The United Nations rapporteur on the right to adequate housing was created to “promote the full
realization of adequate housing as a component of the right to an adequate standard of living;” and
“gender-specific vulnerabilities in relation to the right to adequate housing and land.”[Rajagopal,
Pg. 1]
It’s time to change things for the better. We have been slacking hard. Now, we must pick up the pace.
Autobiography

Waldron, Jeremy. “Homelessness and the Issue of Freedom”, New York University, New York City,
2015.

This article by Jeremy Waldron attempts to explain why the homeless people’s situation is one that lacks
true freedom that is guaranteed by the UN charters to all humans. He also refutes points made by
opponents of this view by citing how they’re splitting hairs over what really constitutes freedom to
disparage the view. It’s a useful essay to help build up what freedom truly means and knock down
common criticisms that would break down the discussion too quickly if they went unanswered. I plan to
use Waldron in a more in depth fashion as I delve into my essay by quoting his exact refutations and
important sources.

Dyan, Paula. “How Does It Feel to Be Homeless?” Street Sense Media, 19 Dec. 2018,
https://www.streetsensemedia.org/article/how-does-it-feel-to-be-homeless/.

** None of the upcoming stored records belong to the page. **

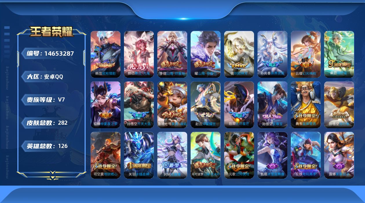 [14653287]v7 1典藏 1无双 11传说 126英雄 282皮肤 可修改实名 【英雄全皮】:蒙恬全皮敖隐全皮钟馗全皮 【稀有英雄】:敖隐小龙人大司命韩信韩跳跳夏洛特夏师傅艾琳橘右京橘子娜可露露鸟人不知火舞赵云金蝉唐僧戈娅 【荣耀水晶】:弑呛猎影韩信典藏 【无双皮】:青丘·九尾妲己无双 【传说皮】:幻光神呛山海·炽霜斩李信年限仲夏夜之梦大飞蛾淬星耀世炽阳神光山海·苍雷引电光曜子青丘·九尾 【珍宝阁皮】:优雅恋人玩趣恶龙 【赛季/战令皮】:噬灭天穹s37古海寻踪s33星界游侠海盐诗旅s30擒涛扼浪s31潮玩骑兵奇幻香踪探海日志s32驭风魔法玲珑珍味流音漫舞顽趣-梦奇地狱燃心剑破天穹s35天穹祈灯s34青焰无极苍威无极天穹之誓s36暖冬·兔眠万华元夜s22演武夺筹s23驱傩正仪s24千军破阵s25朔望之晖蓝屏警告神迹守卫-钟馗云间偶戏星际陆战队-达摩胡桃异想国圣弓游侠真爱魔法火炮绅士沙漠行僧s26幻夜卜梦金庭之子s27电玩高手电玩铁子午后时光大漠名商s28云中旅人s29超时空战士-钟无艳落雪兰心 【史诗皮】:化蝶舞茶境仙怒海争锋蔬乡物语鲁班七号紫霞仙子苍穹之光电玩小子小书包白龙吟黄金分割率特工魅影千年之狐江河有灵高渐离燃音魔法百解令蒙犽蒙恬荣光圣徽冰冠公主青蛇电玩·爆裂旋风暗夜猫娘末日机甲-吕布乱世虎臣节奏热浪女仆咖啡水果甜心绅士熊喵星夜王子心灵骇客时之奇旅-安琪拉功夫厨神暗隐猎兽者幽灵船长鬼剑武藏暗渊魔法心灵战警乐园奇幻夜舞动绿茵纤云弄巧拒霜思缤纷独角兽乘风破浪逐浪之夏水晶猎龙者曙光守护者箭羽风息金属风暴原初追逐者圣诞狂欢鹰眼统帅王者之锤魅力维加斯无心未来纪元-赵云 【限定皮】:逐霄战戟鸣野蒿至尊宝异界灵契白毛香高山流水齐天大圣五谷丰年冰锋战神梁祝李小龙如梦令-后羿孙行者乒乒小将美猴王寅虎·瑞焰虎皮蛋子无尽星芒山海·玄木吟马可年限 【普通皮】:熔金海岸苍林狼骑访茗客铁骨偃魂谧流熔炉雾都夜
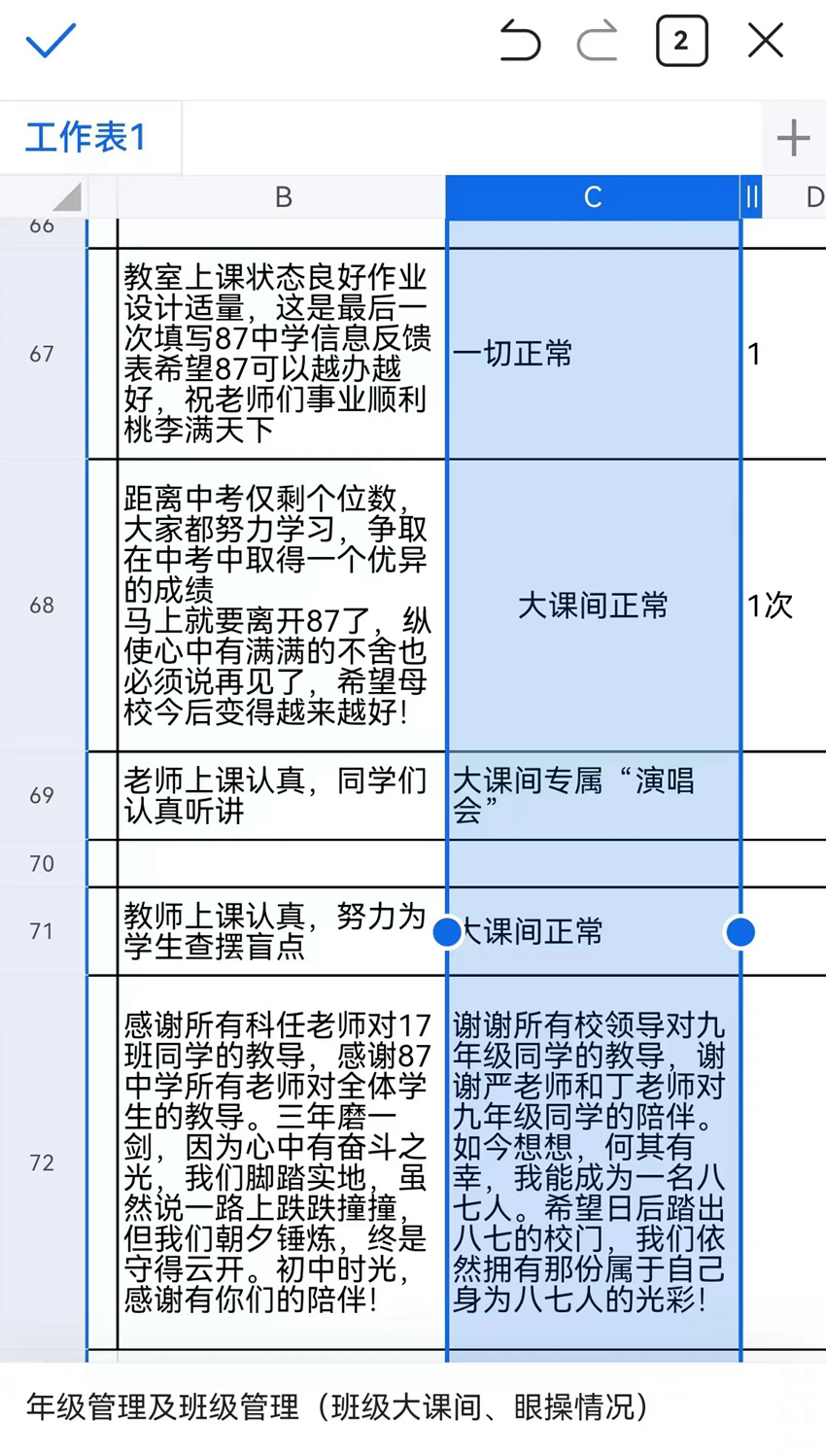 而在初三班級信息員遞交的班級管理表格上,不同班級的最后一條信息,不約而同地寫上了對學校和老師的感激,讓人淚目。
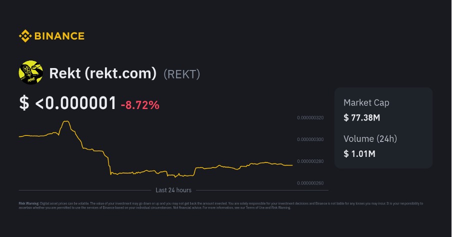 Rekt превращает сценарий болезненных «rekt» моментов криптовалюты в культурную силу. Это больше, чем токен — это бренд с доходом от искусства, напитков (расширение REKT Energy) и коллабораций. На Ethereum он может похвастаться заблокированной ликвидностью и реальной полезностью.
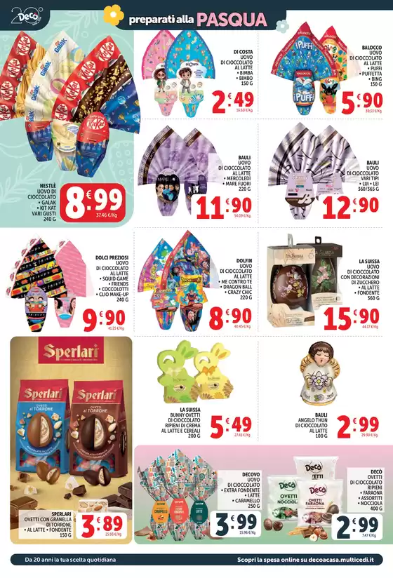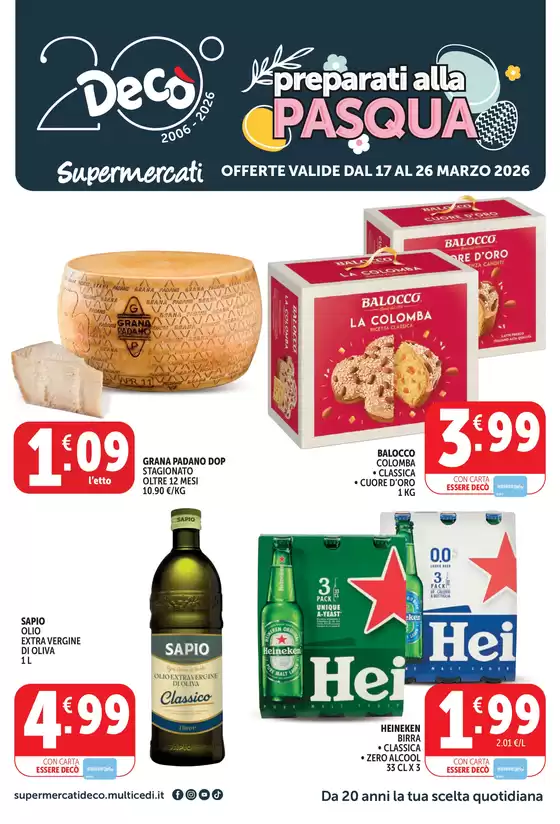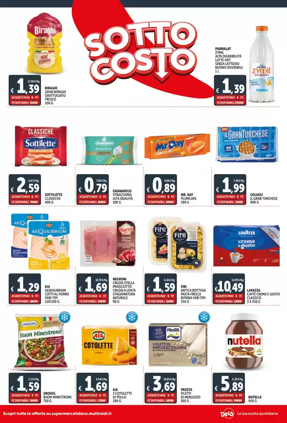 Decò Italia è una catena di supermercati presente nel centro-sud Italia, nata dalla collaborazione tra Multicedi e Gruppo Arena. I supermercati Decò offrono prodotti freschi e convenienti, con unattenzione particolare verso le eccellenze regionali e nazionali. Le sue offerte vantaggiose e i prezzi scontati sono accessibili a tutti. Scopri tutte le offerte Decò sul volantino presente su Tiendeo e approfitta oggi di promozioni vantaggiose su un’ampia gamma di articoli.
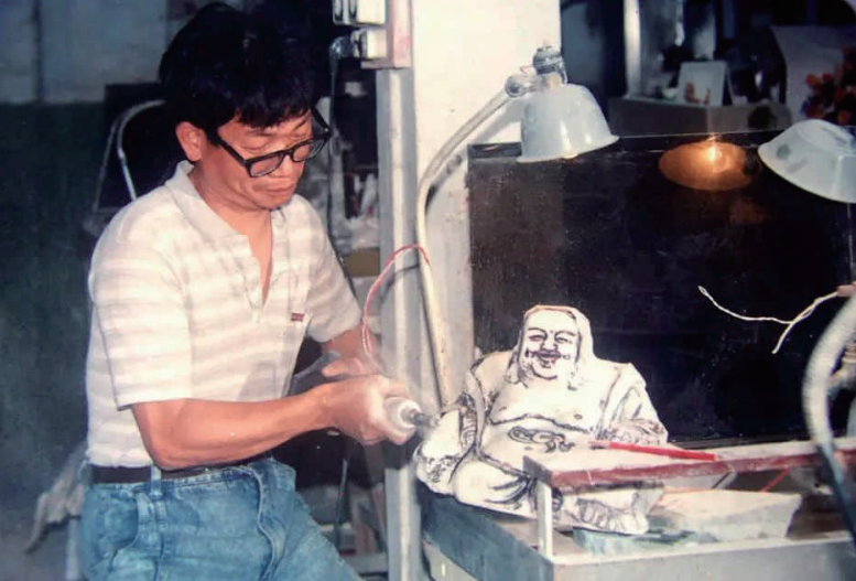 广东省工艺美术一级大师蓝君基在雕琢玉佛

Paula Dyan outlines why it’s awful to be homeless. She spares no feelings or descriptions as she directly
quotes the replies of the unfortunate people she interviewed.

Skolnik, Terry. “Freedom and Access to Housing: Three Conceptions.” Windsor Yearbook of Access to
Justice, vol. 35, 2018, pp. 226–242., www.doi.org/10.22329/wyaj.v35i0.5690
Terry Skolnik argues that both views of freedom-the ‘positive’ view of freedom being self-mastery, while
the ‘negative’ view being freedom due to no oppressive interference by another power. Skolnik goes on to
discuss how it’s possible to help the homeless obtain their positive freedom, while avoiding a violation of
negative freedom, which is what opponents of his view claim is happening-that creating safety net to help
the homeless is somehow oppressing the right to live free without interference of an overarching power.
Skolnik’s important division of the positive and negative views of freedom in philosophy comes as a
great aid for my essay, as it makes it very clear what to argue from, and what not to use.

Rajagopal, Balakrishnan “Special Procedures for the Homeless and Human Rights”, Office Of The High
Commissioner Of Human Rights, United Nations.
www.ohchr.org/en/special-procedures/sr-housing/homelessness-and-human-rights

This is the charter from the High Commissioner of Human Rights in the UN. It is the go to source for
citing what is considered to be the decisive authority in the modern world for what is considered fair for
human access. As an important legal standard, this article will frequently get referenced for usage.